PROBLEM TO WORK ON
For this task, copy all of the data below exactly and skip the pictures.

DATASET CONTENT
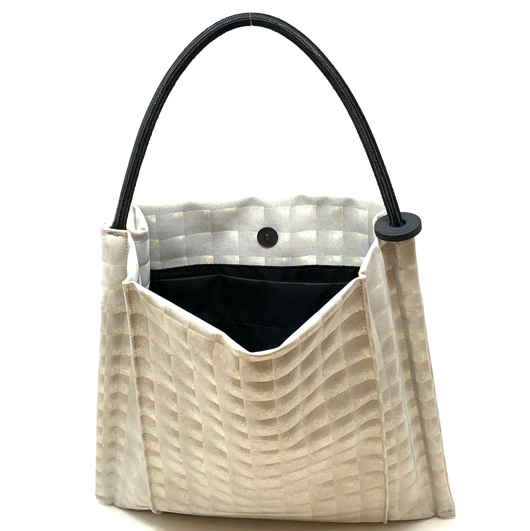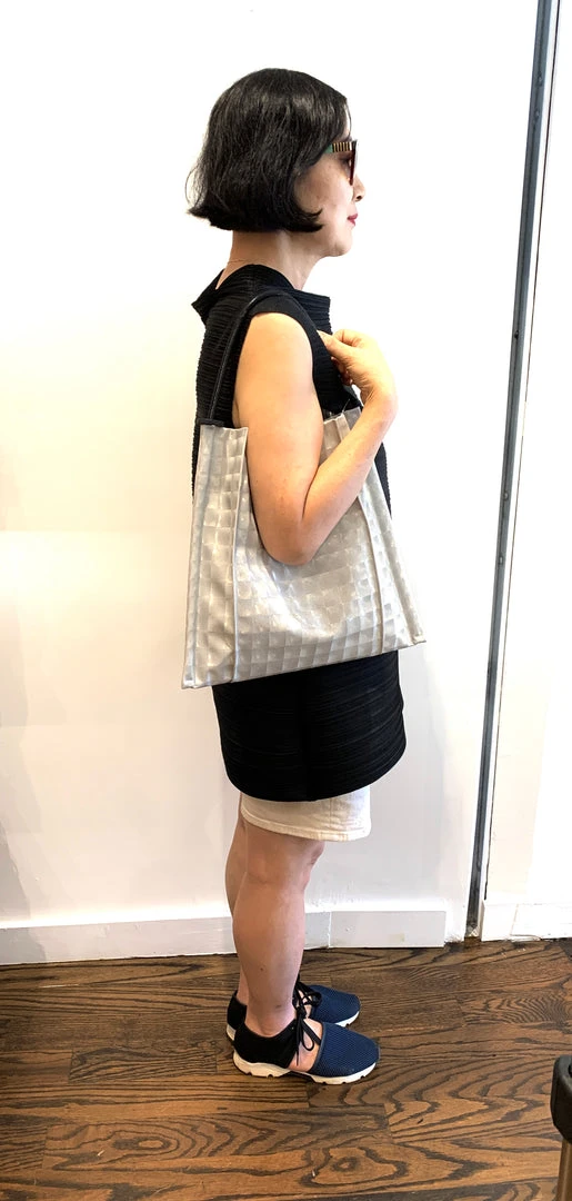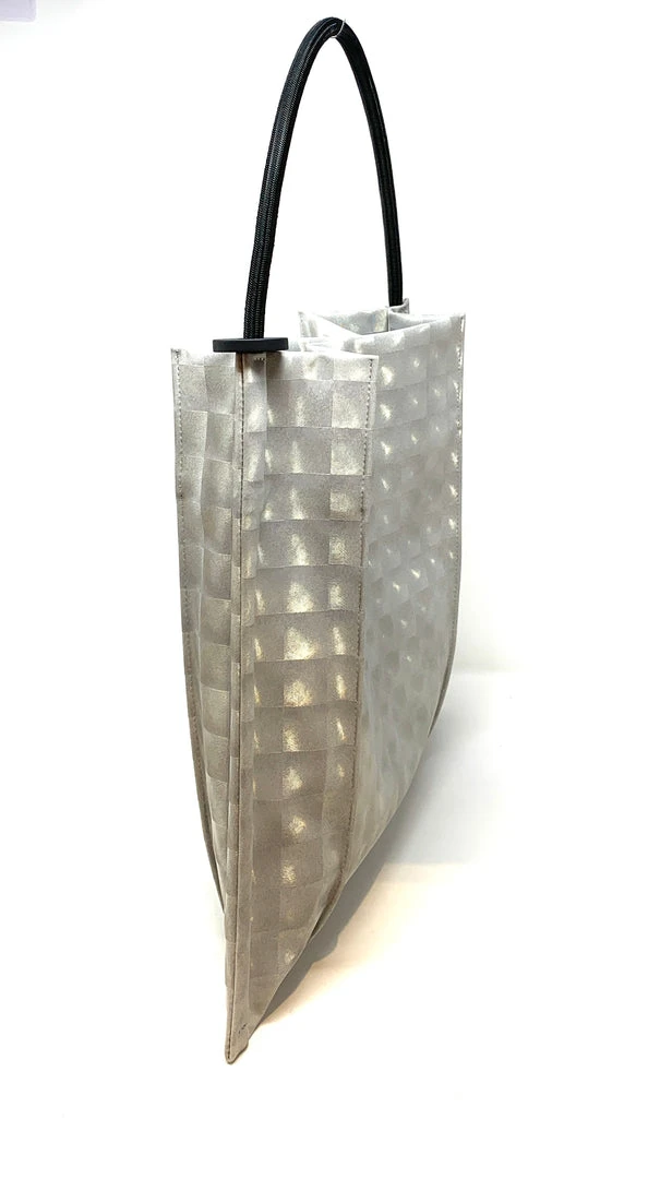holographic tonal variation. The bag holds it shape but is flexible and comfortable on the shoulder and does not add bulk.
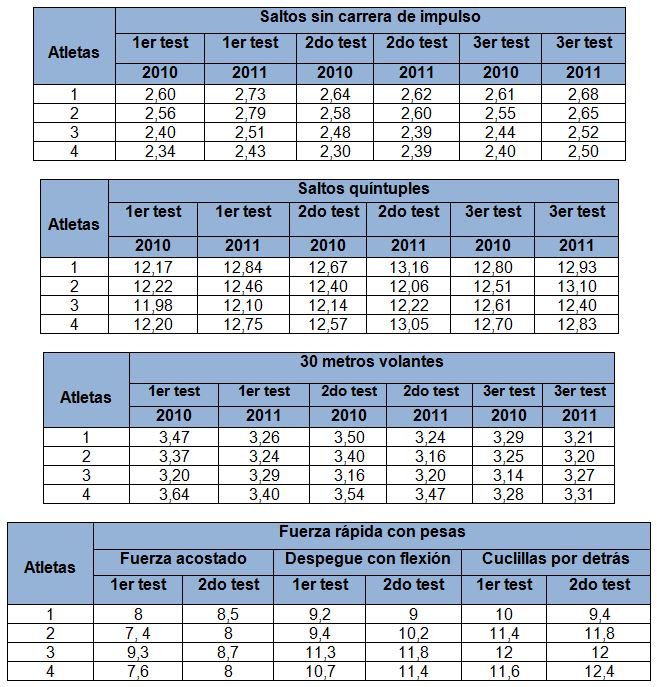 En los test aplicado para evaluar la fuerza explosiva durante los años 2010 y 2011 se pudo observar que dos atletas disminuyen los resultados de un año a otro (1 y 3).
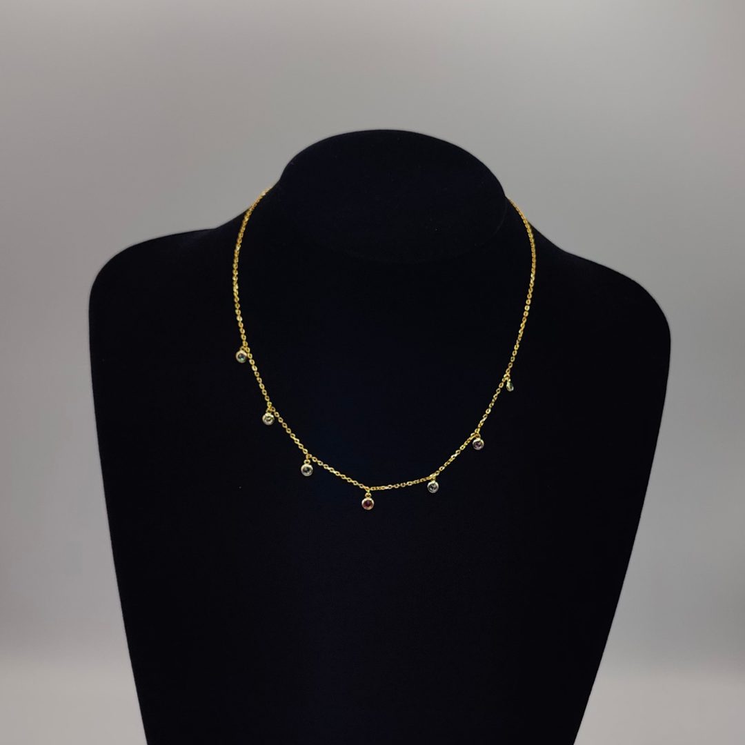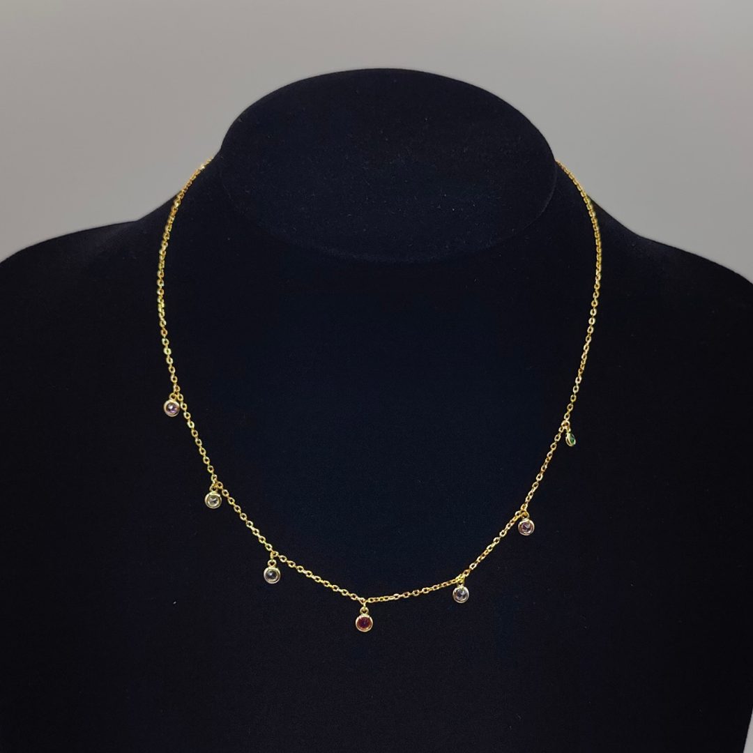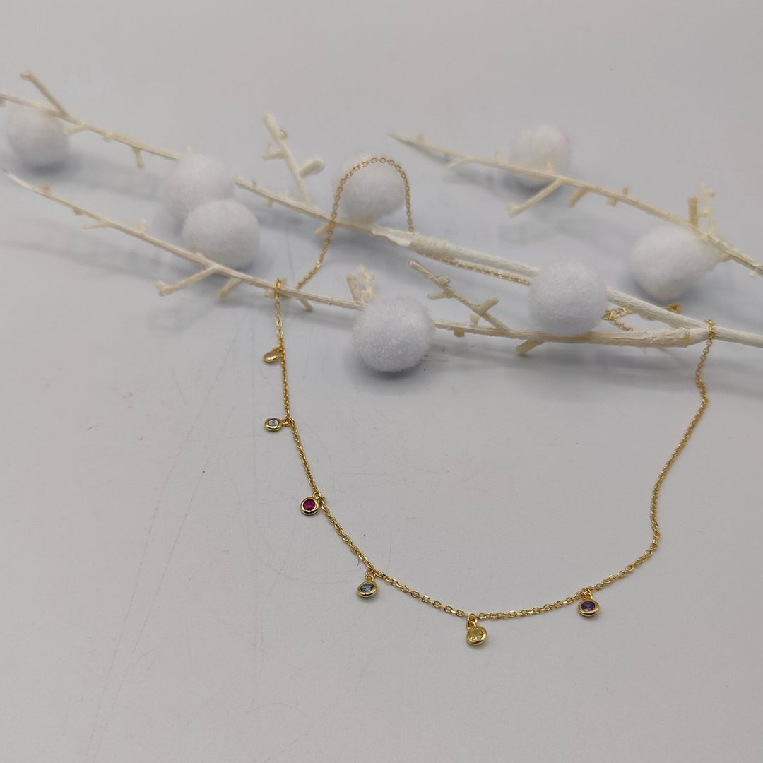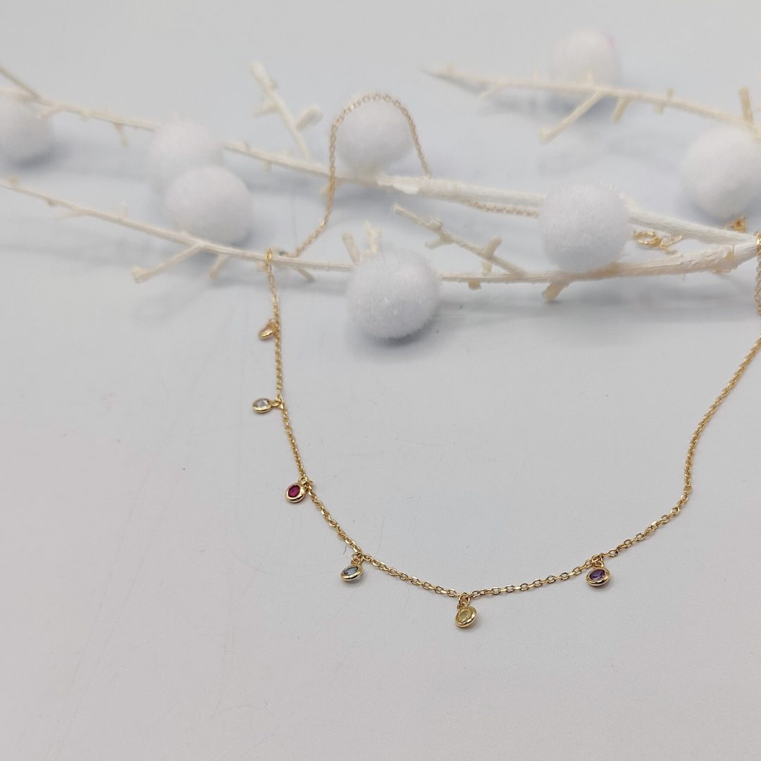 Este luminoso collar de plata 925 bañada en oro combina una elegante cadena rolo con pequeños charms de circonitas de colores. Una pieza alegre y sofisticada, perfecta para aportar un toque de brillo y color a cualquier conjunto, tanto en el día a día como en ocasiones especiales.
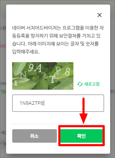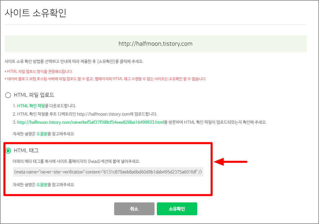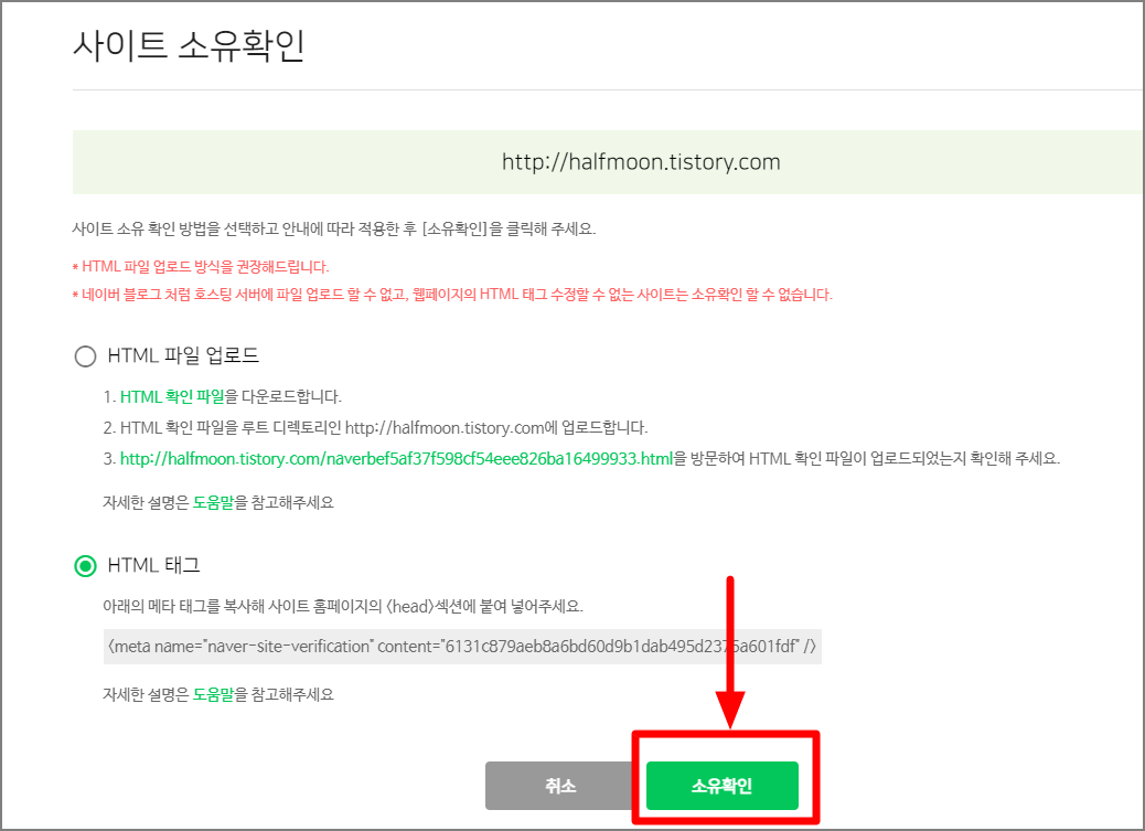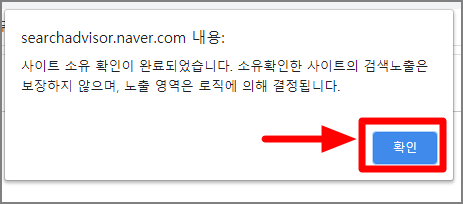 다시 네이버로 돌아와서 '소유 확인'을 클릭한다.

WRITTEN SOLUTION
holographic tonal variation. The bag holds it shape but is flexible and comfortable on the shoulder and does not add bulk.
 En los test aplicado para evaluar la fuerza explosiva durante los años 2010 y 2011 se pudo observar que dos atletas disminuyen los resultados de un año a otro (1 y 3).
 Este luminoso collar de plata 925 bañada en oro combina una elegante cadena rolo con pequeños charms de circonitas de colores. Una pieza alegre y sofisticada, perfecta para aportar un toque de brillo y color a cualquier conjunto, tanto en el día a día como en ocasiones especiales.
 다시 네이버로 돌아와서 '소유 확인'을 클릭한다.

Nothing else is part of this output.